Publicis wants to double China business
PARIS (Reuters) - Publicis (PUBP.PA), the world's third-largest advertising group, wants to double its sales in China and expects to approve an investment plan for the country in the next two to three weeks, its chief executive said.
Publicis CEO Maurice Levy also told the Reuters Global Media Summit on Thursday he wanted to increase the dividend payout ratio to 40 percent over time from around 30 percent currently.
"We have not yet a clear plan for this 40 percent payout. We believe this is something which will take time because we want to do it progressively and cautiously," Levy said.
Publicis shares rose 1.68 percent to 35.69 euros by 1248 GMT, outperforming a 0.4 percent rise in the European media index .SXMP.
Legy said the China expansion plan, which would likely be finalized in the week before Christmas, would include small acquisitions, hiring and education programs. Publicis does not break out the size of its sales in China.
Publicis's total Asia-Pacific sales grew 7.2 percent to 436 million euros ($575 million) in the third quarter, including 10 percent growth in China, where Publicis is second to bigger rival WPP (WPP.L).
Advertising agencies are pinning much of their expected growth on fast-growing markets such as China, especially as a euro zone debt crisis and weak economic data in the United States cast doubt over prospects in major developed economies.
"We are witnessing an improvement in many areas and many countries, and the real cloud there is in the market today is the issue of sovereign debt, so I do hope that if this is not solved it can be at least contained," Levy said.

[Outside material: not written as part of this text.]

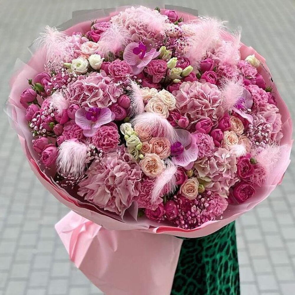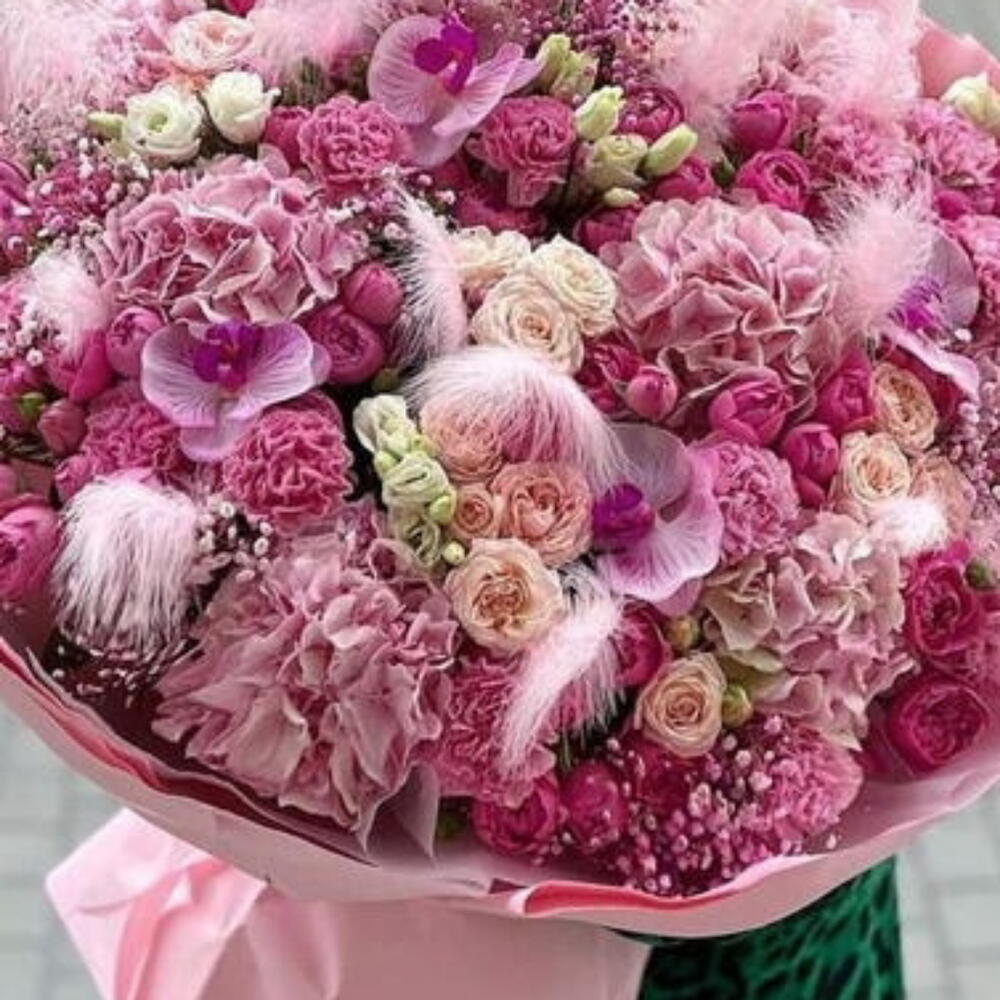 Spray rose - 10 шт. Lisianthus - 10 шт. Orchid - 5 шт. hydrangea pink - 10 шт. gypsophila flower - 5 шт.
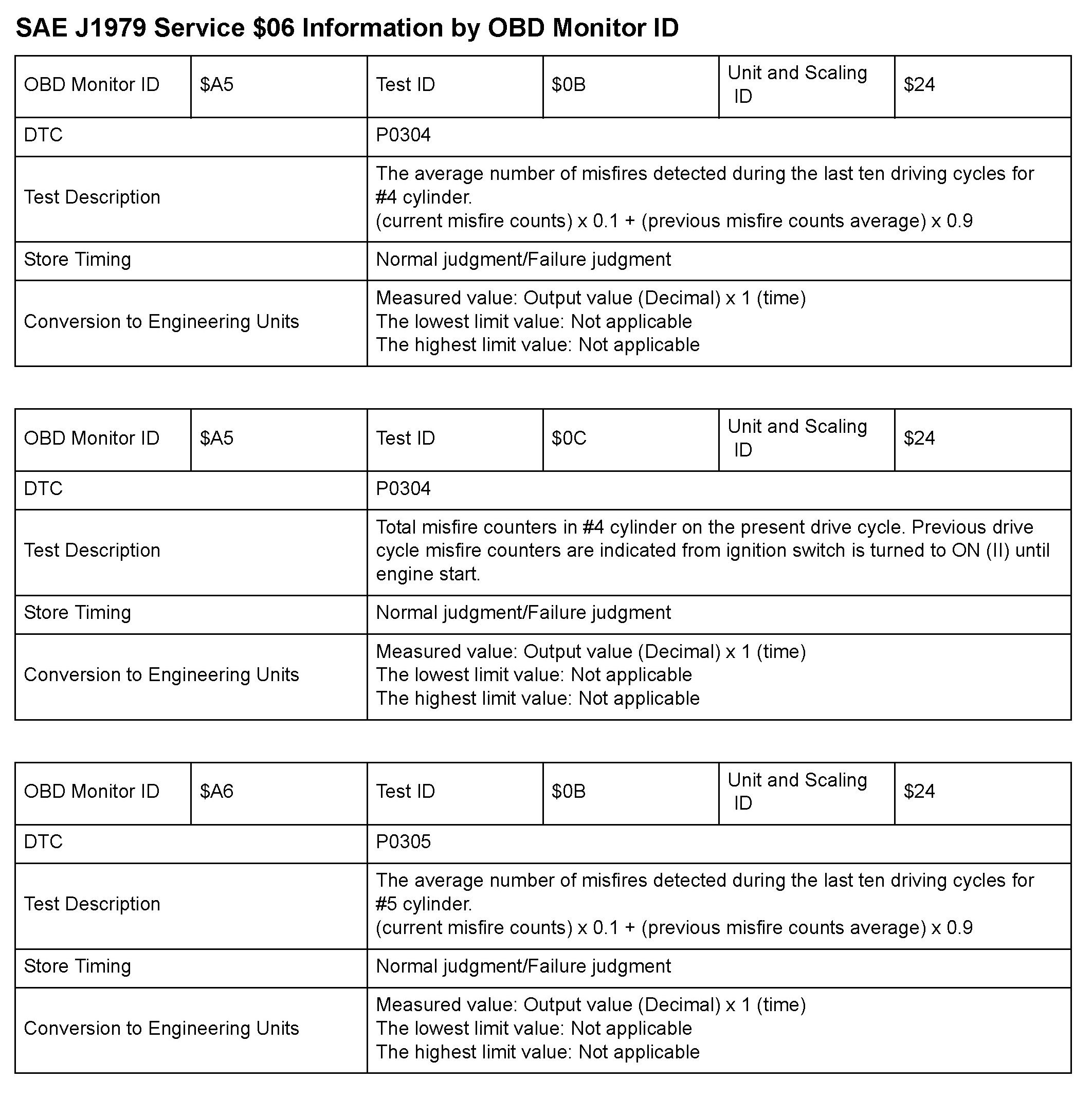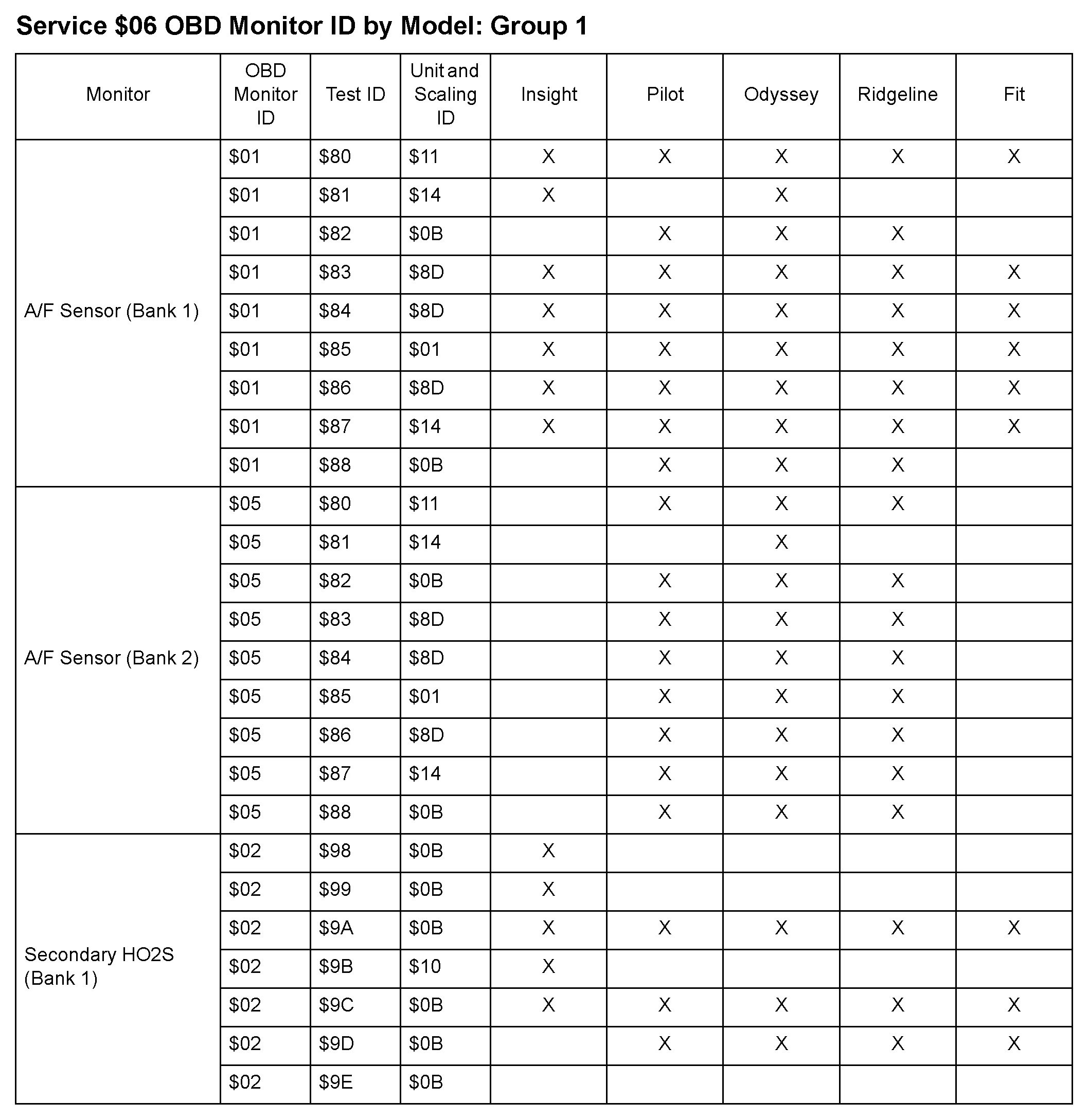 SAE J1979 Mode/Service $06 Test Information: All 2010 Hondas

He added that he expected Publicis to grow faster than the expected market rate of 4.6 percent next year, helped by renewed investments from the battered automotive and financial sectors where recovering companies will jostle for visibility.
Levy said competition was intense on many fronts between the large advertising agencies, who are fighting for the best talent as they start hiring again, but said he saw no prospect of consolidation with valuations at current levels.
World number four Interpublic (IPG.N), often considered as ripe for acquisition by one of its bigger rivals, has risen 45 percent in market value this year to $5.2 billion and now trades at 26 times 2010 earnings, according to Reuters data.
"The PE of all these operations are horrendous, so I don't see based on the multiples which exist today any possible transaction in the short term," Levy said.